**To do**
Go through the records below and copy out every line that contains the word "allows".

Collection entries
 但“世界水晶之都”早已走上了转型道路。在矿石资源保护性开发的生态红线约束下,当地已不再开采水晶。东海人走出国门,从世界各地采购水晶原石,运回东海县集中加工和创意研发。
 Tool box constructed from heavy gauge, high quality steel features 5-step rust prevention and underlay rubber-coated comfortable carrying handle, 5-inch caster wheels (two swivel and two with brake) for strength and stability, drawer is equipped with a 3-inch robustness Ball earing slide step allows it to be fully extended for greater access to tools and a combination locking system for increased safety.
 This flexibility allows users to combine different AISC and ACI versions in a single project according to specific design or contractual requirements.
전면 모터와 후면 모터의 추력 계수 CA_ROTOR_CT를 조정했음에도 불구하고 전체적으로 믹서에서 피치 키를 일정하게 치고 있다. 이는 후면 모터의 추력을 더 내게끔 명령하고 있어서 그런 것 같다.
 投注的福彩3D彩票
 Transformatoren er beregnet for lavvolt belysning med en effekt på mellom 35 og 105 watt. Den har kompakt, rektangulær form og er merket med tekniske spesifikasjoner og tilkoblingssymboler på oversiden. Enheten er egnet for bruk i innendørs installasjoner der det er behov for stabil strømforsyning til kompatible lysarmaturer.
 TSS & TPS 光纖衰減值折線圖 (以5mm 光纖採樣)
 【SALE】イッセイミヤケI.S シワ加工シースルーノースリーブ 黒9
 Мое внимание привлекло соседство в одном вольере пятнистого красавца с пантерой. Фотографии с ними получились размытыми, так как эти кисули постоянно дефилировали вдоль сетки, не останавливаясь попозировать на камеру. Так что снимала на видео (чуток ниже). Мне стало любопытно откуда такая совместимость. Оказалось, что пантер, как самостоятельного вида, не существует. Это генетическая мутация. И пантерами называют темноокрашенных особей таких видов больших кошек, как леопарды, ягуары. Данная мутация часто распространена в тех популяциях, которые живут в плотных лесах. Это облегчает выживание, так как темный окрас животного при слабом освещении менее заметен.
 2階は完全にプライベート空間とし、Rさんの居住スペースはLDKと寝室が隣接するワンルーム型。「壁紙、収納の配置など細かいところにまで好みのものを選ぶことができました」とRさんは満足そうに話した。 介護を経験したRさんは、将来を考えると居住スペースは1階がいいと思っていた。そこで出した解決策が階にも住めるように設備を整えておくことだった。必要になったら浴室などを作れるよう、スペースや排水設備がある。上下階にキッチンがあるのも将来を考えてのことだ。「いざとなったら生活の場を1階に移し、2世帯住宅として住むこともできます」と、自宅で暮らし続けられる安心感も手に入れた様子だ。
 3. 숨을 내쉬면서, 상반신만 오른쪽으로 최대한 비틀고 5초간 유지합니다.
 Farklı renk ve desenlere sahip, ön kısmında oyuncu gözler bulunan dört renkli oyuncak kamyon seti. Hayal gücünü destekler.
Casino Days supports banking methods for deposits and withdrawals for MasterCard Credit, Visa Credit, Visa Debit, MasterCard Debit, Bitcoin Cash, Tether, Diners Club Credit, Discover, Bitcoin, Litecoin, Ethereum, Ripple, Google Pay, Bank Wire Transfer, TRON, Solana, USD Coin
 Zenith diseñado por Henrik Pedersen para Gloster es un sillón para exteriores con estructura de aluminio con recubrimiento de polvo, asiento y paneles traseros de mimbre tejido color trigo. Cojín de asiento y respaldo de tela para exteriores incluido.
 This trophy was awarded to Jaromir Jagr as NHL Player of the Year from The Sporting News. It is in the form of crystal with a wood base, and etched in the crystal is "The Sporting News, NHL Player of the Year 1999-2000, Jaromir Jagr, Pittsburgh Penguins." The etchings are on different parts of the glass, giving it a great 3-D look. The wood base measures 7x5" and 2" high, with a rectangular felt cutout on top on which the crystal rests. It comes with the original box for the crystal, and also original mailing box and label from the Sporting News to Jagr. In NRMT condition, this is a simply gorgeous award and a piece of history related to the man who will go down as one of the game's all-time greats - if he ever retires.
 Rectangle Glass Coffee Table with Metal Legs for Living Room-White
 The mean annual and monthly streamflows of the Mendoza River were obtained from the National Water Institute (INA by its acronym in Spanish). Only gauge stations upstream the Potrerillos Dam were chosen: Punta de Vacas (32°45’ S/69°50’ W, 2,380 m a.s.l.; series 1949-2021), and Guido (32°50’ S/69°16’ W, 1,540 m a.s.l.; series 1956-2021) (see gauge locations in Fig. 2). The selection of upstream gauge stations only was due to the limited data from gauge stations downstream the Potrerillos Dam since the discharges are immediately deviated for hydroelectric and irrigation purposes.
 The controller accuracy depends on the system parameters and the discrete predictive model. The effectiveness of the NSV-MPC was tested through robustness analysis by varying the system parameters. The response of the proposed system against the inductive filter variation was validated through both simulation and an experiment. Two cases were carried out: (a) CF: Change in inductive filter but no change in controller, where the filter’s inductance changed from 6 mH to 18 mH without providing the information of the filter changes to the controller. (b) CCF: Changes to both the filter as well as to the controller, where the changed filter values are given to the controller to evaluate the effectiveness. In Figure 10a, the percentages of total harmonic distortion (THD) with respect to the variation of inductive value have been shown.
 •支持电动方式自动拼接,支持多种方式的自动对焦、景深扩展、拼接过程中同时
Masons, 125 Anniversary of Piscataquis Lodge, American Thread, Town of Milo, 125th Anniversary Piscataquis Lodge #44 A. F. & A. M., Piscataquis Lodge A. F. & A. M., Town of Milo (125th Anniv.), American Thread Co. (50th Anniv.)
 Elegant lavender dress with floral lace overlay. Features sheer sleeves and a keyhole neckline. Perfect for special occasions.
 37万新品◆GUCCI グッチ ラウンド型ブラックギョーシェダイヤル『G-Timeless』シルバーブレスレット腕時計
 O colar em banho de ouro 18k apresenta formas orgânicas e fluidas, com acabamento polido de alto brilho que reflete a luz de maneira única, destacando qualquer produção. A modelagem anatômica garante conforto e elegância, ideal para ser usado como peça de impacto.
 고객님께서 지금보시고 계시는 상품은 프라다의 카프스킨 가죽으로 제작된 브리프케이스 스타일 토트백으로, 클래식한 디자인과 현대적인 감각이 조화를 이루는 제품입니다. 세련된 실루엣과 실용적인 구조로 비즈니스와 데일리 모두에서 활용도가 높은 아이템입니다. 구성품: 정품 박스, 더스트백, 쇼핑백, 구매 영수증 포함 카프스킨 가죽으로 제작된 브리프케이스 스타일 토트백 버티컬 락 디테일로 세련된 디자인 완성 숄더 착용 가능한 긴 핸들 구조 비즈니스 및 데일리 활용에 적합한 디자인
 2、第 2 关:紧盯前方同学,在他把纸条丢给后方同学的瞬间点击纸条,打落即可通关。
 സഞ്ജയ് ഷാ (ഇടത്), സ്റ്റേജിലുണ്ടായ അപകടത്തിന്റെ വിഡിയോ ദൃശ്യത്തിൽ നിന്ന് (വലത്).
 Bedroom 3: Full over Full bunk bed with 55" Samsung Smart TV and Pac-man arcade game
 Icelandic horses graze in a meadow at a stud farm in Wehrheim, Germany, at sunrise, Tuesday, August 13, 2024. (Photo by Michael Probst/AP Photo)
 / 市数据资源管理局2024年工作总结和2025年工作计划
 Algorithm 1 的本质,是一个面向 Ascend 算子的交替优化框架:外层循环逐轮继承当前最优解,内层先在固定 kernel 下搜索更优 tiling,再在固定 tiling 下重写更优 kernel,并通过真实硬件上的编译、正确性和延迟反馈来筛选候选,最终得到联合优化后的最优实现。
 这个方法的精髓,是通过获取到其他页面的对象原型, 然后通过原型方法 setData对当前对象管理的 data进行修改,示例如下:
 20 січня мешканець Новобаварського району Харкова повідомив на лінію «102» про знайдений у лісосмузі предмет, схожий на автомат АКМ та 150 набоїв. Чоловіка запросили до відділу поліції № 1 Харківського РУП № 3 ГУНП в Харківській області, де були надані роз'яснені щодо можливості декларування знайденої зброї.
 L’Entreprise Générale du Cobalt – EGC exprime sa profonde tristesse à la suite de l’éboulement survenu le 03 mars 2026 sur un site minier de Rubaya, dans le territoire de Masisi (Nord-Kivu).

**Answer to this task**
 Tool box constructed from heavy gauge, high quality steel features 5-step rust prevention and underlay rubber-coated comfortable carrying handle, 5-inch caster wheels (two swivel and two with brake) for strength and stability, drawer is equipped with a 3-inch robustness Ball earing slide step allows it to be fully extended for greater access to tools and a combination locking system for increased safety.
 This flexibility allows users to combine different AISC and ACI versions in a single project according to specific design or contractual requirements.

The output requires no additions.